Earlier this week we mentioned that itty-bitty, inconsequential nuclear destruction thingy. And yes, it’s worrisome! That’s why we’ll take our comfort wherever we can get it—even when it’s from former Apprentice contestant/Trump cohort Omarosa. After being removed (some say dragged) from her high-profile White House job, she gained immediate employment on another reality show, Celebrity Big Brother. When asked by fellow contestant Ross Matthews about her time with Trump, Omarosa replied, “I was haunted by tweets every single day, like what is he going to say next?” Later she confessed that she tried to emotionally distance herself from the White House turmoil, but couldn’t, “because it’s bad.” Fearing the lasting effects Trump’s actions could have on America, Matthews asked her, “I need you to say, ‘it’s going to be okay.” “No, it’s not going to be okay,” Omarosa tearfully replied. “It’s not.” (Yes, we realize those are not technically comforting words.

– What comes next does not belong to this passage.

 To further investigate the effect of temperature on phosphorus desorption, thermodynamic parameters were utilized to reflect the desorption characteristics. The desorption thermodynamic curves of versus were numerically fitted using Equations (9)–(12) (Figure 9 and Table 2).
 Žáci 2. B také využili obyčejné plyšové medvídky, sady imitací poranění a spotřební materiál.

But don’t forget! Trump is liar, and so is everyone around him—which means everything actually will be okay! Right? Right?)

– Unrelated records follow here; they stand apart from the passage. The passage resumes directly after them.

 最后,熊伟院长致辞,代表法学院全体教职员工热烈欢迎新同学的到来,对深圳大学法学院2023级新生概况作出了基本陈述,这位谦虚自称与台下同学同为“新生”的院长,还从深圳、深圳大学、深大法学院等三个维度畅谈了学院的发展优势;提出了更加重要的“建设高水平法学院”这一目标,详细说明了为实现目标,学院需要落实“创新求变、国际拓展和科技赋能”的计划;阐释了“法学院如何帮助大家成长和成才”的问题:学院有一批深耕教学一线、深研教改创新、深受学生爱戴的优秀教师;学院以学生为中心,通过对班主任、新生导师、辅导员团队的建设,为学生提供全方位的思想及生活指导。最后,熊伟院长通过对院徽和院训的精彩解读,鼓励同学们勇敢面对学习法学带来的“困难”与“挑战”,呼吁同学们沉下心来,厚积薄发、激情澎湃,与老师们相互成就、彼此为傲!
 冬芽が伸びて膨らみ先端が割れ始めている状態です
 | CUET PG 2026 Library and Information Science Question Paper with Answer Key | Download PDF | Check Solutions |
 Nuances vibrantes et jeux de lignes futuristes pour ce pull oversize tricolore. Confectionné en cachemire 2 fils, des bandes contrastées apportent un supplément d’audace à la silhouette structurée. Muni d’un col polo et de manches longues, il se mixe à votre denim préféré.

And finally, let’s end the week on a high note, shall we? As we reported last week, the SPICE GIRLS ARE GETTING BACK TOGETHER EEEEEEEEEEEE! However, as we also reported, they won’t be doing any singing BOOOOOOOOO! However again, TMZ is now reporting that our reporting was wrong, and they will not only be singing, but kicking off a world concert tour in 2018 EEEEEEEEEEEEEEE! Now that is the way to end a pretty terrible week, and... wait. THIS JUST IN: “I’m not going on tour, the girls aren’t going on tour,” Victoria “Posh/Party Pooper Spice” Beckham told Vogue today, reconfirming what we were told last week, that the Spice Girls would only be reuniting to “collaborate on a series of projects” that unfortunately won’t include singing. But there is an upside: If you’re reading this, you haven’t yet been burned alive in a Trump-induced nuclear holocaust! Hooray! (Told ya we’d end on a high note!)